The kitten is about 7 weeks old and very energetic. She's a bit mouthy and seems to gather that I make a great toy. Is there a way to discourage this? Also when she's being a spaz cat, sometimes she'll arch her back, flare her tail and hop with all four feet sideways. It's kind of funny, but I don't know if she is being playful or aggressive or what. Anybody know what this means?


----------



## Janice (Jan 12, 2007)

Totally playful... she's learning how to posturate and they do that in a playful manner. You will notice these "spaz" times will become more frequent as they get a little older... and possibly a little rougher too, but not too worry, it's perfectly normal!! Try to supply her with lots of toys, play structures and provide good play times with her... 

So sit back and enjoy the "kitten ride"...


----------



## KillerBlackCat06 (Sep 25, 2004)

My kitty used to do it. Laugh, because eventually they stop doing it.

I don't really know why they do it, but I guess they're just so jazzed they can't really contain themselves. Seriously, just laugh.

Unless she's backing that up with aggressive behaviour and yowling, I doubt it's anything more than kitten antics.


----------



## gunterkat (Aug 19, 2006)

She's being playful. The sideways hopping is so cute! It's like a kitten playfully saying,"C'mon, you want some o' dis??". :lol: I don't think it's a good idea to discourage her being clingy and playful with you at this young age. You'll end up having to deal with other behavior issues later on.
Play with her and give her lots of attention. You'll be rewarded tenfold.
:kittyball


----------



## Heidi n Q (Nov 22, 2006)

I love it when kittens 'spit' at you! It is like they startle themselves with the noise and don't know where it came from... 
I love the hopping sideways at you. Marmy will sometimes do it with me when he is feeling playful. I bottle fed him from about 2-3 weeks old. He is 12 years old now. If you play with them when they are young, they will play with you as they age.

If she gets too aggressive in her play (hurts you with teeth/claws) just say "Ow!" loudly and stop moving or playing with her for a few minutes. She will learn.


----------



## OhMy (Jul 2, 2007)

Oh, she sounds absolutely precious!!!!! 

What a doll baby! 

You know...if you get her a friend (ie adopt another kitten) they'll play with eachother and YOU won't be the chew toy...hint...hint...

And then you can come back and post many pictures for us to ooo and aaaa over.


----------



## Tigonie (May 21, 2007)

To get yourself out of the "line of fire," you can also try a toy on a stick. That is, a stick with a line on it that has a toy on the end of the line, or a stick with a toy on the end. Here is an example of a stick with a string and here is an example of a stick with a toy.

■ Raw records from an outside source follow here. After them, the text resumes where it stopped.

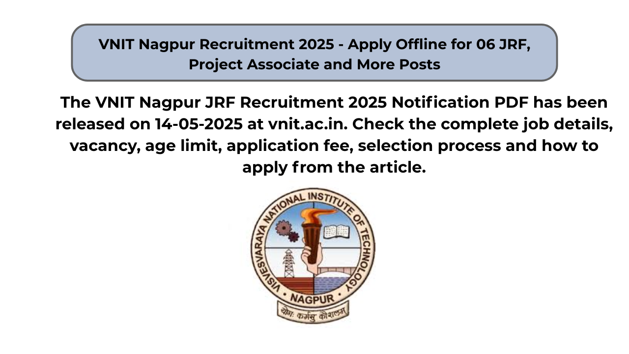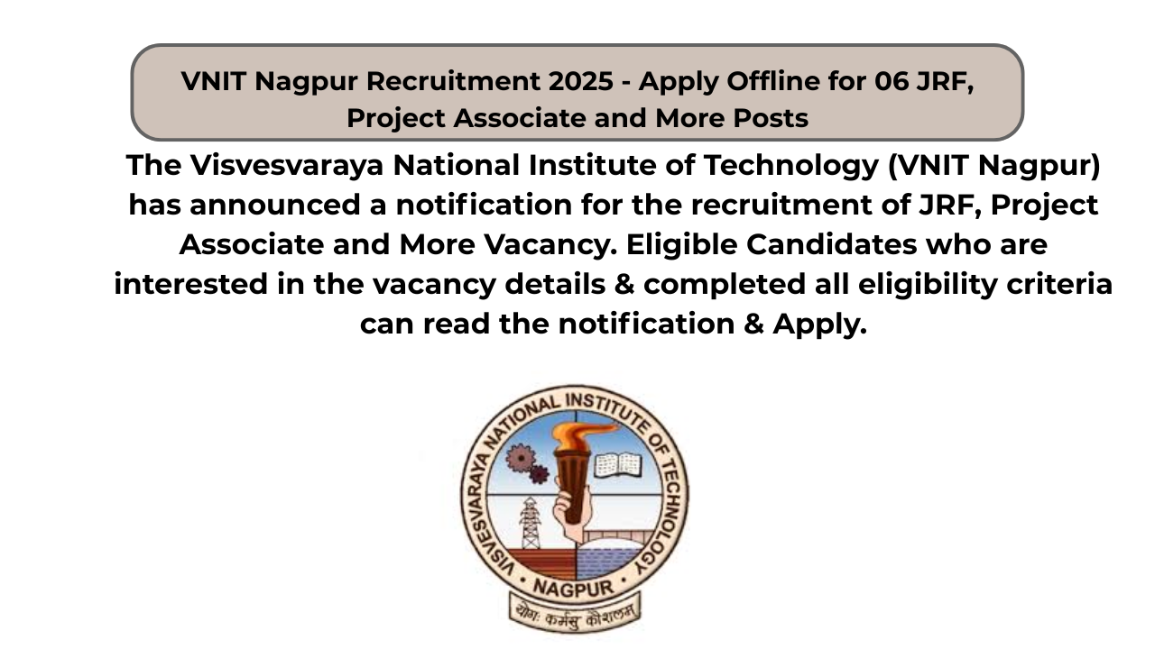 VNIT Nagpur Recruitment 2025 – Apply Offline for 06 JRF, Project Associate and More Posts
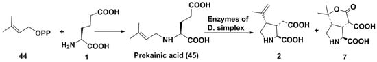 Recently, Moore’s team from the USA studied the biosynthesis of two related excitatory amino acids: domoic acid from diatoms and kainic acid from red macrophytes. After elucidating the origin of kainic acid 2, they performed the whole genome sequencing of a kainic acid producer, Digenea simplex, to identify the gene clusters involved in the biosynthesis of 2 [27]. They used the new single-molecule, long-read sequencing platforms such as Oxford Nanopore Technologies. As a result, the long reads that included genes encoding the kainic acid biosynthesis were sequenced; however, due to the presence of impurity of microbial DNA, they were not assembled into the whole genome of this alga. After the analysis of D. simpex on a higher-throughput platform, Prometh ION, 47 Gp of sequence was generated, with the longest read being 1.2 Mb. A series of Digenea simplex kainic acid biosynthesis (Dskab) genes were uncovered. They included genes of annotated N-prenyltransferase (DsKabA), α-ketoglutarate-dependent dioxygenase (DskabC), and several retrotransposable elements such as integrase, reverse transcriptases, and RNA H domains. Both sequences, DsKabA and DskabC, were successfully expressed in Echerichia coli and purified. Incubation of recombinant DskabA with l-glutamate 1 and dimethylallylpyrophosphate 44 gave N-dimethylallyl-l-glutamic acid 45 (the so-called prekainic acid). This compound was converted into kainic acid in an aqueous extract from D. simplex. Another enzyme of kainic acid biosynthesis, the so-called DsKabC, was incubated with prekainic acid, α-keto-glutarate, l-ascorbate, and Fe2+, and transformed prekainic acid into kainic acid (2) and kainic acid lactone (7) (Scheme 7). The main product was confirmed to be kainic acid using isolation from the culture medium and NMR elucidation. The obtained kainic acid lactone 7 has been shown to be antagonist of iGluR in contrast to kainic acid proper.
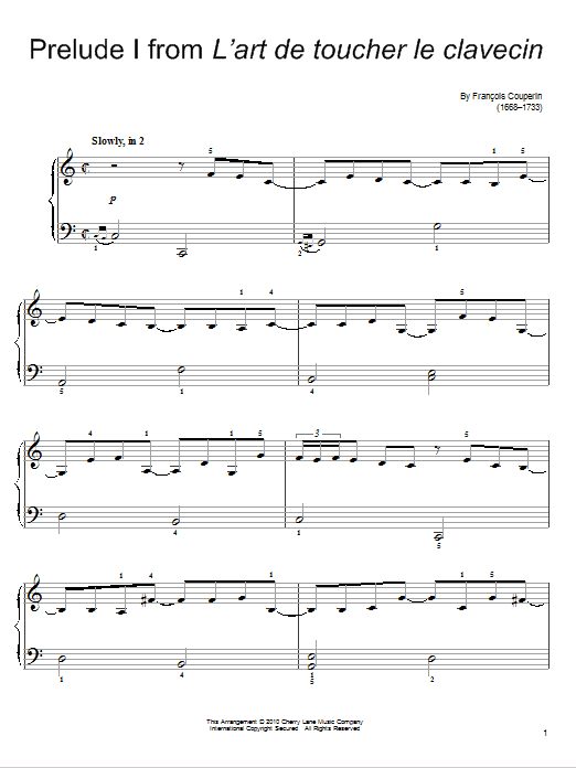 Download or print Francois Couperin Prelude sheet music, chords and digital score arranged for Easy Piano. This Classical score includes 2 page(s).
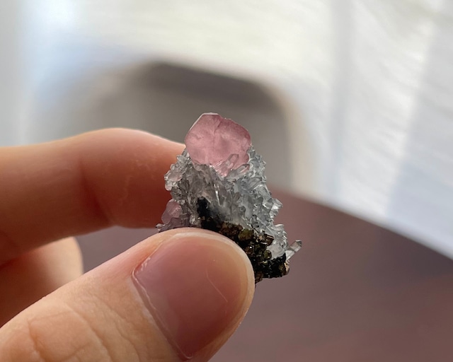 ロードクロサイト / フローロアパタイト / クォーツ【Rhodochrosite with Fluorapatite on Quartz】中国産
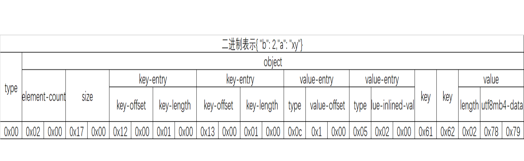 key 表示 key 值的真实值,类型为:key ::= utf8mb4-data, 这里无需指定 key 值长度,因为 key-entry 中已经声明了 key 的存储长度。同时,在同一个 json 对象中,key 值的长度总是一样的。
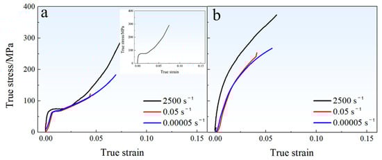 Magnesium (Mg) alloy has a lower density compared to steel and aluminum alloys, making it a promising material for replacing them in the automotive and aerospace industries [1,2,3,4]. Components in these industries often experience loading over a wide range of strain rates [5,6]. For instance, high-strain rate deformation occurs during automobile crashes or impacts [7,8]. Additionally, certain plastic forming technologies, such as explosive forming and electromagnetic forming, could exceed 103 s−1 in terms of strain rate [9,10,11,12]. Therefore, it is paramount to understand the plastic deformation behavior of Mg alloys at different strain rates [13].

We also used to use some fishing line to attach a toy to a dowel rod. Our cats when they were kittens especially liked the pom-pons you can get at a craft store or Wal-Mart sewing department. We used to get the shiny "long-hair" kind, which you can see in this photo, particularly the green one in the lower left or the brownish-gold one in the middle bottom.

I would not recommend spending tons and tons on kitten toys. _Many_ cats outgrow them in 1-2 years and often will not play with them after that.


----------